EIS
- Founded: 1847; 179 years ago
- Headquarters: Edinburgh, Scotland
- Location: Scotland;
- Members: ▼58,566 (2024)
- General Secretary: Andrea Bradley
- Affiliations: STUC, TUC, EI
- Website: eis.org.uk

= Educational Institute of Scotland =

Teachers' trade union in Scotland

The Educational Institute of Scotland (EIS) (Gàidhlig: Institiud Foghlaim na h-Alba) is the oldest teachers' trade union in the world, having been founded in 1847 when dominies became concerned about the effect of changes to the system of education in Scotland on their professional status. The EIS is the largest teaching union in Scotland, representing 80% of the country's teachers and lecturers. As of 2022 it has 56,342 members.

==General Secretaries==
1910-1915: Samual Murray
1915-1922: Hugh Cameron
1922-1926: George Crossar Pringle
1926-1941: Tom Henderson
1941-1945: John Wishart
1945-1952: Alexander J. Belford
1952-1960: William Campbell
1960-1974: Gilbert Stewart Bryden
1974-1988: John D. Pollock
1988-1995: Jim Martin
1995-2012: Ronnie Smith
2012-2022: Larry Flanagan
2022-present: Andrea Bradley

A copy of the Scottish Educational Journal from 21 June 1979, in tabloid format.

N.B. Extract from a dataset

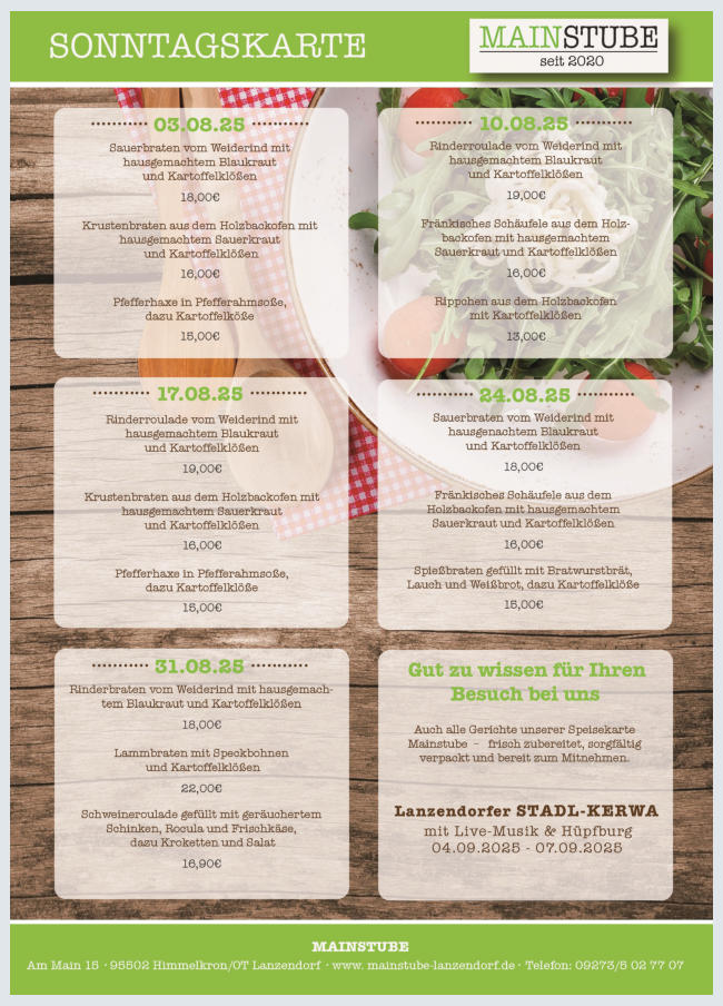 Unsere Speisekarte für Sonntags. Für euch zum abholen oder bei uns zu speisen. NEU: Immer zum Wochenende selbst- gebackenes Holzofenbrot (bitte vorbestellen). Unser Wirtshaus ist Sonntags von 11:30 bis 14:00 Uhr geöffnet. Bestellungen und Reservierungen unter: 09273/5 02 77 07.

==Scottish Educational Journal==
The magazine of the EIS started in 1876 as a densely typeset, weekly tabloid called The Educational News. In 1918, the publication was renamed Scottish Educational Journal (SEJ). Like its predecessor, the SEJ started as a weekly tabloid, but by the late 20th century it had become a monthly magazine.

==Fellowships==

Since being granted a royal charter by Queen Victoria, it is the only union able to award degrees. A recipient of the EIS degree is a Fellow of the Educational Institute of Scotland, denoted by the post-nominal FEIS.

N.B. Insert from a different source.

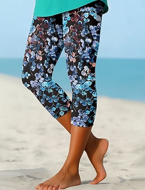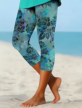 Damen Caprihose Leggings Urlaub Vintage Küsten-Oma-Stil Wadenlang Mittlere Taille Blumen Grafik Druck Komfort Unelastisch Täglich Outdoor Straße Dunkelblau Grün Sommer Frühling Lässiger Schnitt

An early example of such a degree (awarded in December 1847) was worded as follows:

The Educational Institute of Scotland
DIPLOMA OF FELLOW.

We, the Committee of Fellows of the Educational Institute of Scotland, appointed by the General Meeting which was held in the High School of Edinburgh on Saturday the 18th September 1847 to grant Diplomas to those Members admitted within the year 1847 who might be desirous of obtaining the Grade of Junior Licentiate, Senior Licentiate or Fellow, having examined the evidence produced by Mr John Gibson Smith, Schoolmaster of Ednam, in attestation of his professional attainments, experience and skill – and having found that his testimonials certify -

1st That he is qualified to teach English, Grammar, Composition, History, Geography, Writing, Arithmetic, Algebra, Natural Science, Agricultural Chemistry, Latin, Greek and French.

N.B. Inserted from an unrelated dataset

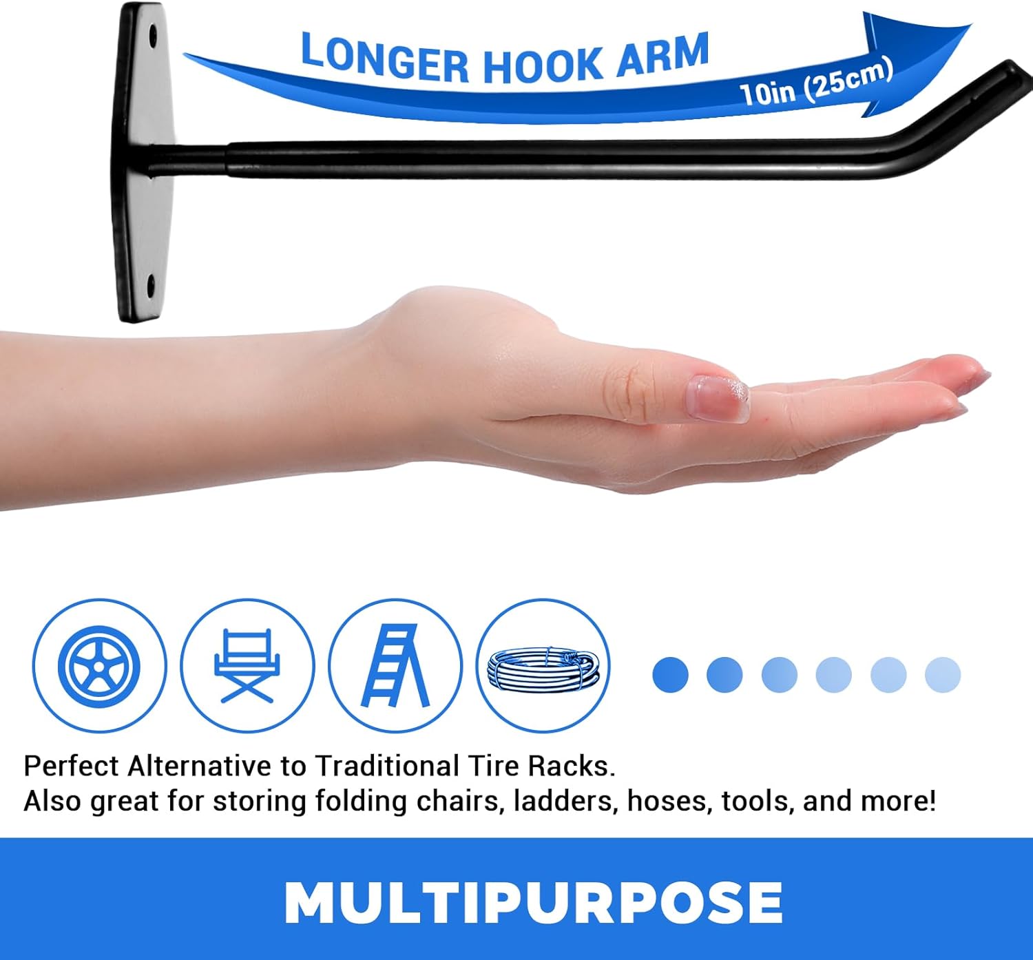 - 【SPACE-SAVING DESIGN】10" extended arm garage wall hooks store bulky tires, ladders, power tools, and yard equipment vertically. Compact 10"x3.5" size replaces clunky storage racks while keeping floors clear.

2nd That he has taught with acceptance and success during a period of Twenty years all the above named branches -

Do hereby, on the 11th day of December 1847, grant to the said Mr John Gibson Smith this Diploma conferring on him the Grade of Fellow of the Educational Institute of Scotland, with all the honours rights and privileges thereto belonging.

(Signed) L. Schmits, George S. Davidson, F.R. Low L.L.D., James Fulton, John White, Alex Reid L.L.D., Walter Nichol L.L.D., Wm. Knox.

==Women in the EIS==

The 20 June 1913 issue of The Educational News reported that the EIS had elected its first woman president, Elizabeth Fish. The report also reflected on the progress of women teachers in Scotland. "When the Institute was founded in 1847," the report says, "education was looked upon as a man's work." Women teachers were virtually absent in schools before the passage of the Education (Scotland) Act 1872, but by the time Fish was named as president, there were six times as many women teachers as men, and women were also represented in the EIS council. The article also touched upon the subject of pay equity, decrying the "shameful salaries" many women teachers were paid.

== Industrial action ==
In 2011 and again in 2018, threats of industrial action by the EIS evoked memories for many of the long-running teacher strikes of the 1980s. During the 1984-86 industrial action almost 15 million pupil days were lost across Scotland. It was a sustained campaign in opposition to the Conservative Government. Former trade union leader Larry Flanagan described it as "the first time that any group of workers, anywhere in the UK, successfully stood firm in defiance of a concerted, ideologically driven attack by the Tory government."

In March 2026, the EIS secured an 85% vote in favour of strike action on a 60% turnout in support of achieving a reduction in pupil contact to 21 hours per week.